So there's a famous German philosopher that I was forced to read in graduate school in German, even though I neither read German nor spoke German, I had to translate his work because they wanted you to be able to translate work in German.

I'm like, okay, so his name is Lorenz von Stein, and he was a mid 19th century philosopher on theories of the State, you know, the people, and he had this thing called the Organic Theory of the State. And in that he said that, you really need to have to be successful in the public realm to have three levels of simultaneous thinking.

The first is the self, the second is the will, and the third is the deed. And the self is that thing manifested usually in a constitution or a charter or something that which you aspire to be, that which you aspire to achieve. The reason for your existence must be related to something other than we're just a university. And so I was convinced by that reading all those years ago that that was one of our biggest problems throughout the culture: too much generic thinking, too little – you know, the Constitution of the United States, which is the aspirational self for the country. That's not enough for the institutions. You need aspirational identities for your institution. So our charter was the articulation of our self, that which we aspire to be. The next thing that he talked about is called the will.

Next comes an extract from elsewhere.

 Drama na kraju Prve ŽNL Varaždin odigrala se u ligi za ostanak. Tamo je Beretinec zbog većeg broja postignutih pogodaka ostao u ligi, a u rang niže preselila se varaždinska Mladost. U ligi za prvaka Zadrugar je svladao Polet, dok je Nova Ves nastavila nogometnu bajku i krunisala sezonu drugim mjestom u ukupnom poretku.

So the will is what do you specifically want to do to be the self that you're attempting to be?

So in our case, we came up with eight design aspirations that would articulate specifically what we want to be so as to empower the attainment of the self. So in this case, the eight, including things like, you know, where we're located is really, really important. If your university isn't grounded in where you're located, where are you located there, who are you connected to? Who are you serving? Who you're working with? Intellectual fusion is one of our design aspirations, which is we're not going to just build in the university that we're attempting to construct the same old, same old of every other university. We're going to fuse disciplines together and create new bodies of knowledge and new ways of thinking. Exploration as a scientific outcome, sustainability as a scientific outcome, new ways of structuring knowledge, and structuring teaching, and structuring learning.

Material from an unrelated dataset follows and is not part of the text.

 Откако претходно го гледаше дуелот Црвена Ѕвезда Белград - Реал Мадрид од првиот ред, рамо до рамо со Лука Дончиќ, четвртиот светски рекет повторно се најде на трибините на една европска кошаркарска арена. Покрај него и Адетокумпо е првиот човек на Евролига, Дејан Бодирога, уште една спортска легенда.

And so those were the will and then at the end is the deed. And so that is what you do against a specific, measurable objective? And so those are our five categories of goals in which we probably have about 40 subgoals at the university level. So one is that we will have undifferentiated outcomes based on family income for success at the university.

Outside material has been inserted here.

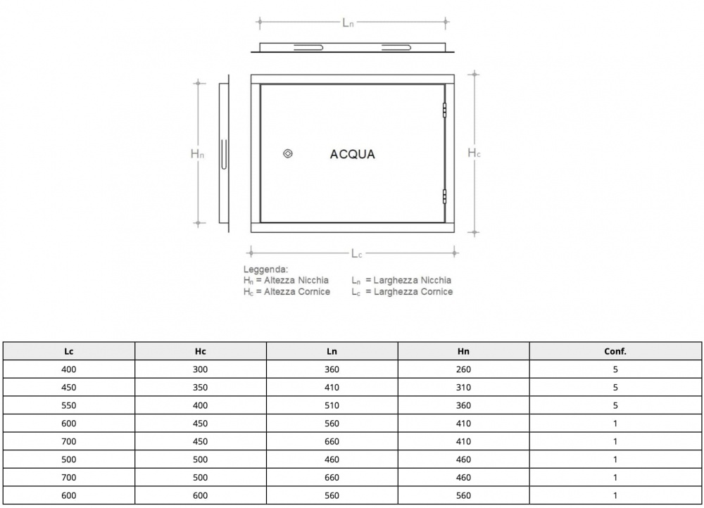 Paredzētas ūdens skaitītāju ievietošanai. Pateicoties rāmī esošajiem enkuriem, tās viegli uzstādāmas sienas nišā, kas paredzēta šim mērķim. 25 mm platais perimetra rāmis nosedz visas urbuma nepilnības mūrī.
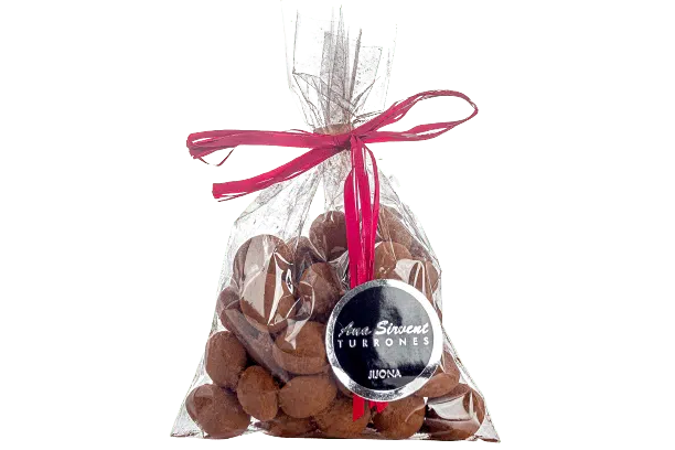 Almendramarcona tostada con una fina capa de caramelo crujiente, seguida de chocolate blanco y envueltas en polvo de cacao. sin duda la reina de las grageas.

We haven't attained that yet. We're still working towards that. The other is that will graduate 40,000 students, or that will have 150,000 degree-seeking students. And so self – what you aspire to be, will – your specific things you're going to work on to be that and deed – what are the things that you're measuring your success of your actual deeds on?

So self, will and deed became the design parameters from which the charter, the design aspirations and the goals were derived. And I think we've published the self, will and deed language at ASU more than 20 times in a small white white document that we call our vision and goal statement. We don't have a strategic plan, we don't have a strategic planning process. We have those things.